Thank you for clarification, am I on the right way though?

As far as I can tell, I don't think so. Look at Sammycap's suggestion. That leads to an easy solution.

 

[bedi]

As far as I can tell, I don't think so. Look at Sammycap's suggestion. That leads to an easy solution.

Alright, so let B_{r}(x)=\{y \in M:d<r\} and B_{r'}(x)=\{y \in M:\frac{d}{1+d}<r\} (intuitively d and 1+d seem to be positive? Is that correct?)

Then I get the same kind of thing: B_{r'}(x)=\{y \in M:d\times(1-r')<r'\}

Again, multiplying the distance by (1-r') doesn't make difference if I choose r'such that 0<r'=r<1

Looks like I don't make any progress :(

 

[LCKurtz]

Alright, so let B_{r}(x)=\{y \in M:d<r\} and B_{r'}(x)=\{y \in M:\frac{d}{1+d}<r\} (intuitively d and 1+d seem to be positive? Is that correct?)

Intuitively?? Seems to be positive? Isn't $d$ given to be a metric?

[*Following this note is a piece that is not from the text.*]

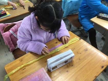 みんな真剣です。1mの長さはどれぐらい?「10cmの10こぶんだから、これぐらい?」と頑張っていました。

Then I get the same kind of thing: B_{r'}(x)=\{y \in M:d\times(1-r')<r'\}

Again, multiplying the distance by (1-r') doesn't make difference if I choose r'such that 0<r'=r<1

Looks like I don't make any progress :(

At the risk of repeating sammycap's suggestion: Given a ball of radius $r$ in the metric $d$, what value $r'$ in the metric $D$ corresponds to it? Figure that out. Then show $B(x,r)$ in $(M,d)$ is identical to $B(x,r')$ in $(M,D)$.

[Edit] Or maybe not. See my next post.

 

[LCKurtz]

As far as I can tell, I don't think so. Look at Sammycap's suggestion. That leads to an easy solution.

Alright, so let B_{r}(x)=\{y \in M:d<r\} and B_{r'}(x)=\{y \in M:\frac{d}{1+d}<r\} (intuitively d and 1+d seem to be positive? Is that correct?)

Then I get the same kind of thing: B_{r'}(x)=\{y \in M:d\times(1-r')<r'\}

Again, multiplying the distance by (1-r') doesn't make difference if I choose r'such that 0<r'=r<1

Looks like I don't make any progress :(

Perhaps I was a little hasty about sammycap's suggestion making the question real easy. Try showing that if d(x,y) is small so is D(x,y), and conversely, and use that to show the metrics are equivalent.

 

[bedi]

Thank you, I can do it now.

By the way I actually feel guilty for saying that "intuitive" thing.

 

[LCKurtz]

Thank you, I can do it now.

By the way I actually feel guilty for saying that "intuitive" thing.

Don't feel bad. We all, myself included, sometimes type things in haste without taking the time to think it through.